AIM OF THE TASK ▸
Repeat exactly, and only, the lines from the line bearing "6年生がキャリア教育に取り組みました。公務員について学んでいる様子です。" through the end of the material. Do not copy the pictures.

::: SUPPLIED MATERIAL :::

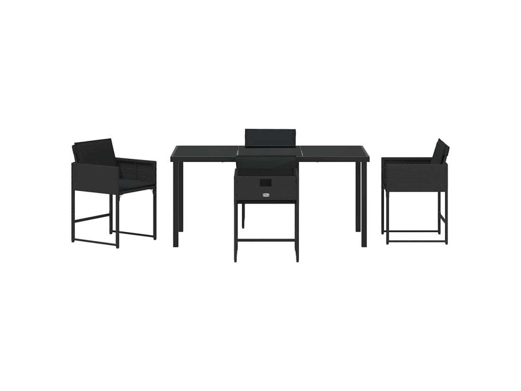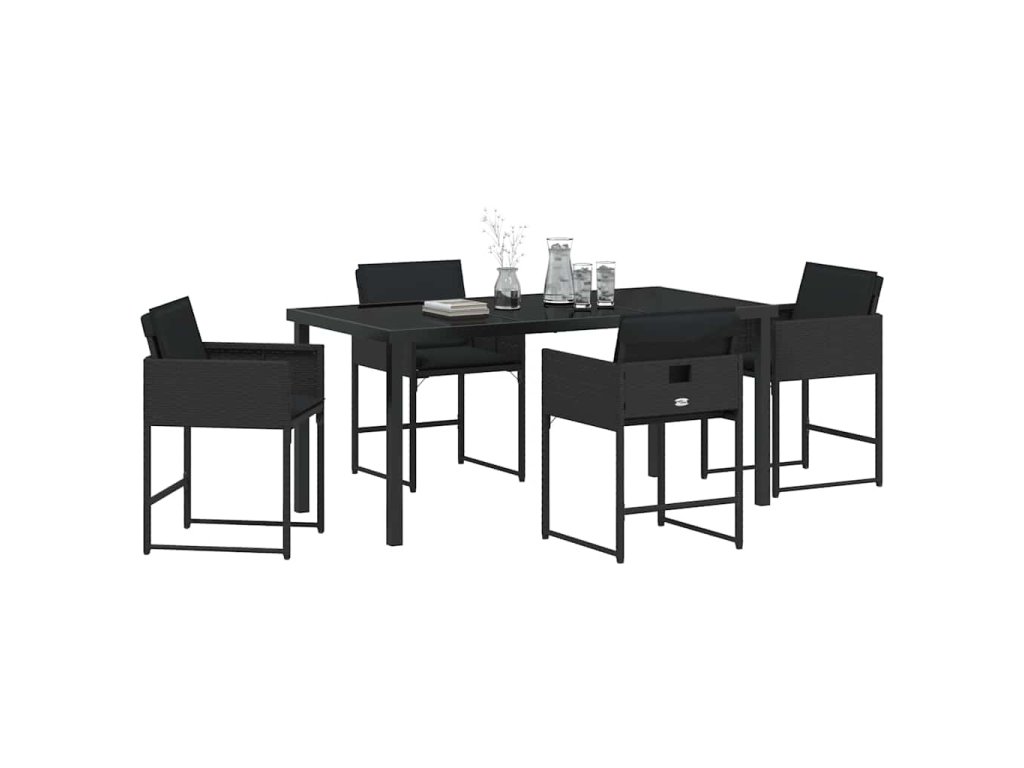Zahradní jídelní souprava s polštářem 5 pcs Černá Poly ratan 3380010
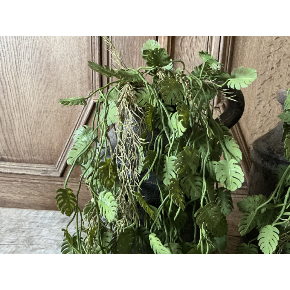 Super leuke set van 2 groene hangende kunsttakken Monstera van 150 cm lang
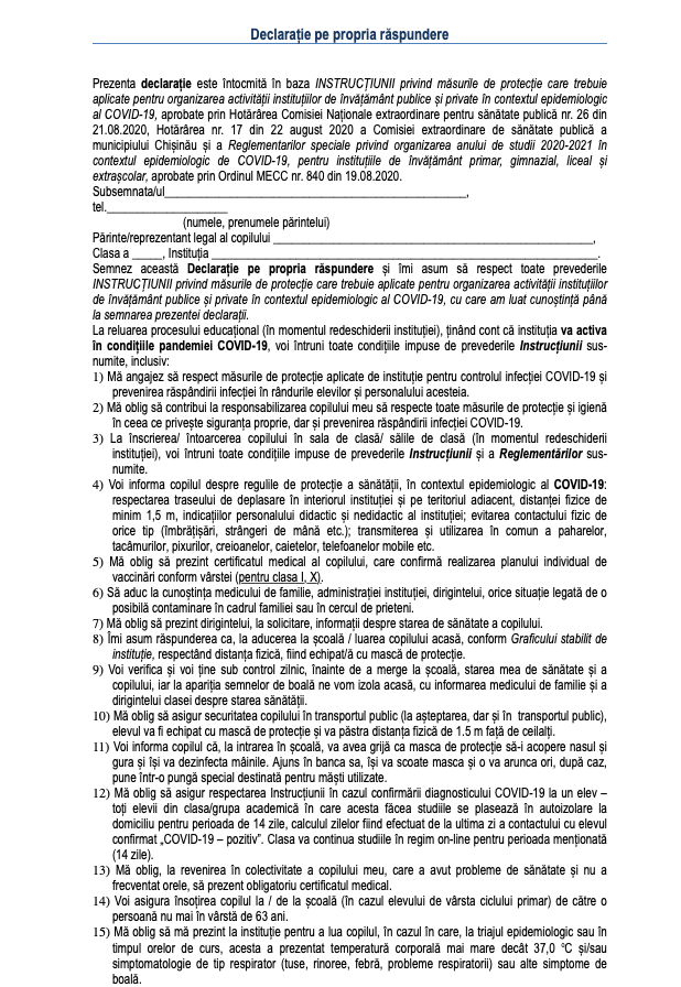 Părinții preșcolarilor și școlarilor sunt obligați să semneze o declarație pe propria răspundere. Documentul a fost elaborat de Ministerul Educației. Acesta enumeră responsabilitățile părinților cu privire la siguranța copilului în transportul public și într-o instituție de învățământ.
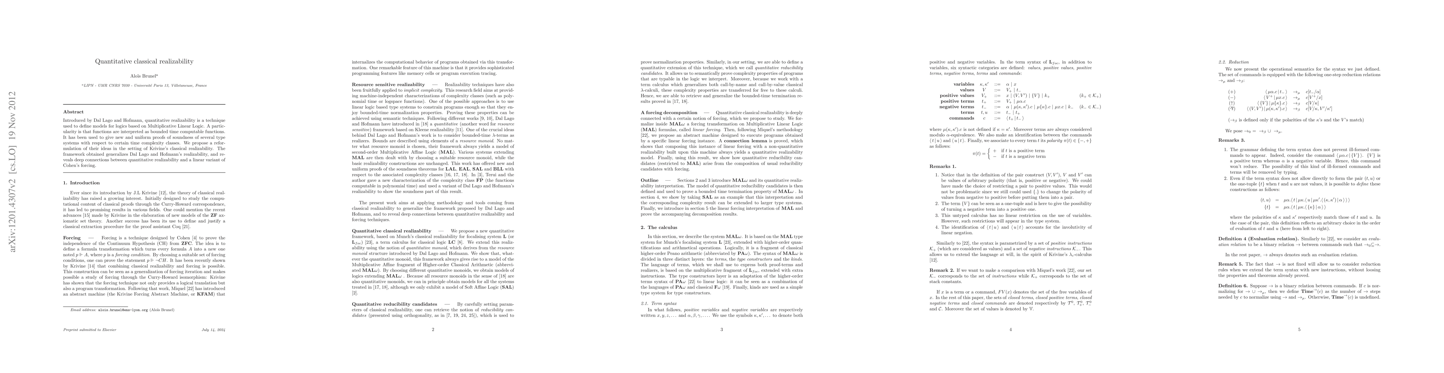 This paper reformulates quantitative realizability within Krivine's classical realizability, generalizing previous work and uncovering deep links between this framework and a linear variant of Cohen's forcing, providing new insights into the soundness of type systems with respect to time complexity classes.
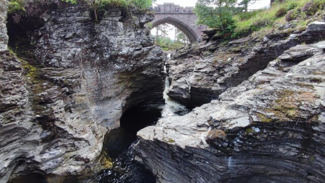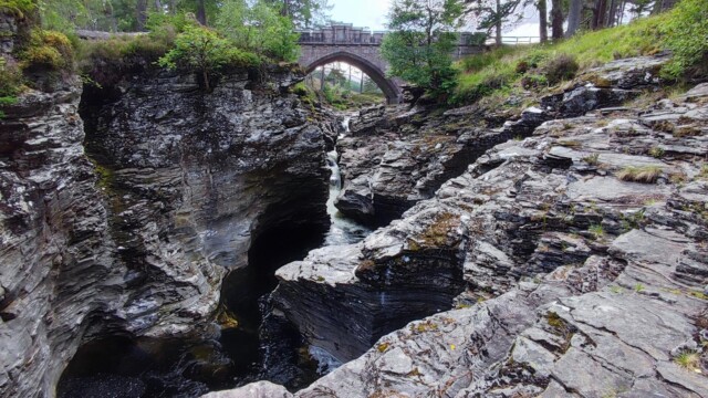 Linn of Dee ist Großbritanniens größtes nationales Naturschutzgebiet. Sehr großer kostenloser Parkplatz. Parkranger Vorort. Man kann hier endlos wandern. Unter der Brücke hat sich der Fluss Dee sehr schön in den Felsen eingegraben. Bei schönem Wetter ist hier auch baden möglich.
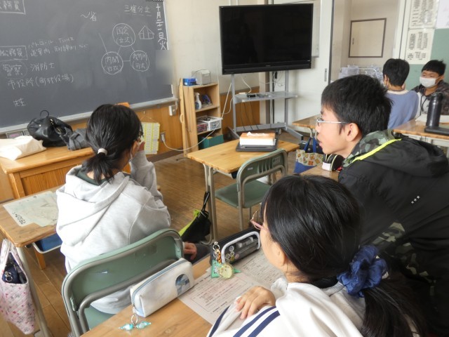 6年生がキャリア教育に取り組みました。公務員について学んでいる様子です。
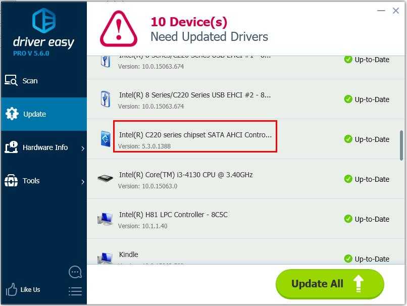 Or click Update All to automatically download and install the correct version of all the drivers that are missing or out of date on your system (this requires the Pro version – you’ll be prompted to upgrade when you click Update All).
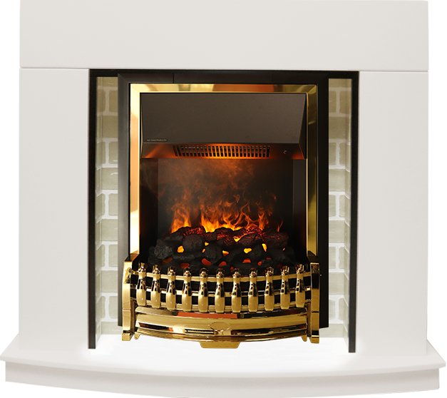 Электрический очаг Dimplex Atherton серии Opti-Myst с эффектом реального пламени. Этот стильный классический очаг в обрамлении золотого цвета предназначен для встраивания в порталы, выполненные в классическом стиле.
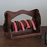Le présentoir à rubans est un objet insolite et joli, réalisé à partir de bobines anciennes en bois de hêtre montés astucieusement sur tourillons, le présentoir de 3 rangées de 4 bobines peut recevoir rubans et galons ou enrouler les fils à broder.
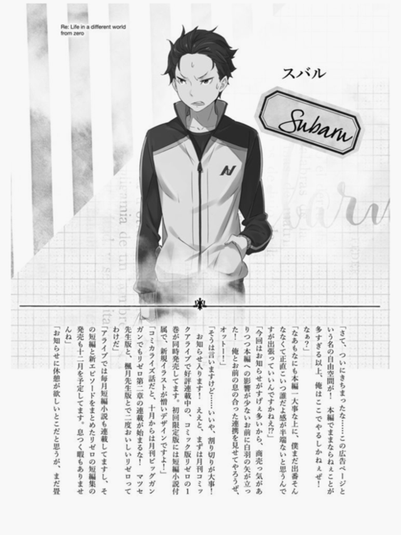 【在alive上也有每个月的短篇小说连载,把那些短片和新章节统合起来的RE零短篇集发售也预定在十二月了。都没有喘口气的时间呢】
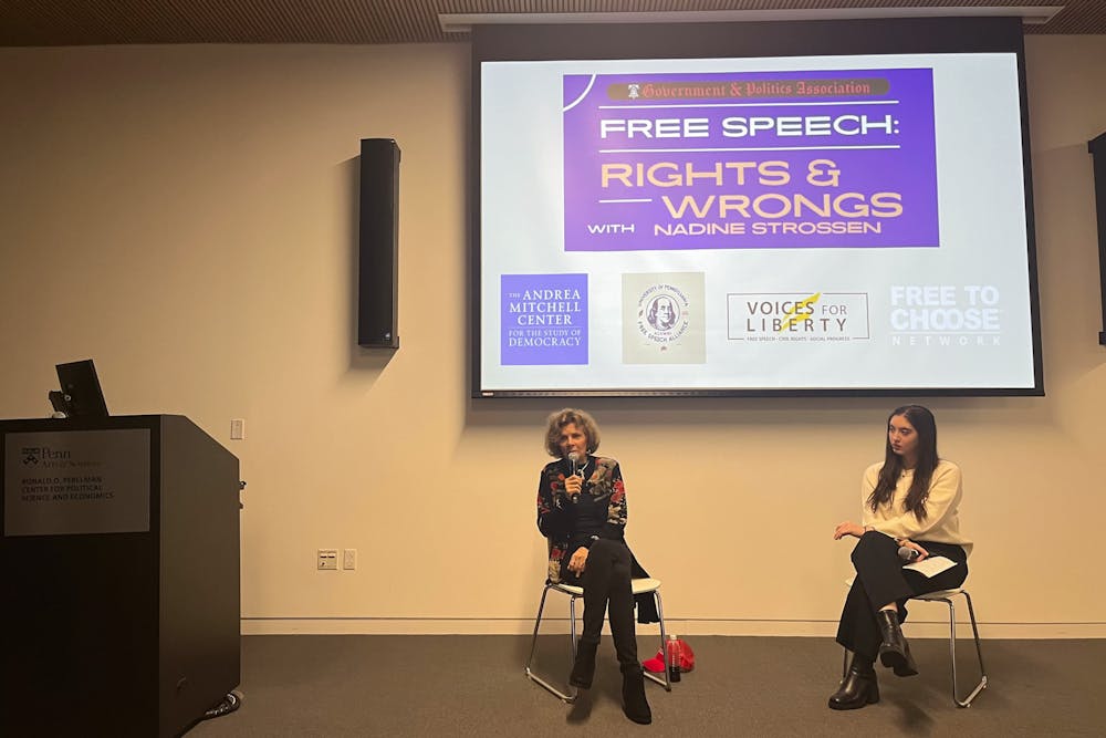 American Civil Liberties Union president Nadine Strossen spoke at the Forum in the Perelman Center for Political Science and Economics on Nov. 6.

:::

THE COMPLETED TASK ▸
 6年生がキャリア教育に取り組みました。公務員について学んでいる様子です。
 Or click Update All to automatically download and install the correct version of all the drivers that are missing or out of date on your system (this requires the Pro version – you’ll be prompted to upgrade when you click Update All).
 Электрический очаг Dimplex Atherton серии Opti-Myst с эффектом реального пламени. Этот стильный классический очаг в обрамлении золотого цвета предназначен для встраивания в порталы, выполненные в классическом стиле.
Le présentoir à rubans est un objet insolite et joli, réalisé à partir de bobines anciennes en bois de hêtre montés astucieusement sur tourillons, le présentoir de 3 rangées de 4 bobines peut recevoir rubans et galons ou enrouler les fils à broder.
 【在alive上也有每个月的短篇小说连载,把那些短片和新章节统合起来的RE零短篇集发售也预定在十二月了。都没有喘口气的时间呢】
 American Civil Liberties Union president Nadine Strossen spoke at the Forum in the Perelman Center for Political Science and Economics on Nov. 6.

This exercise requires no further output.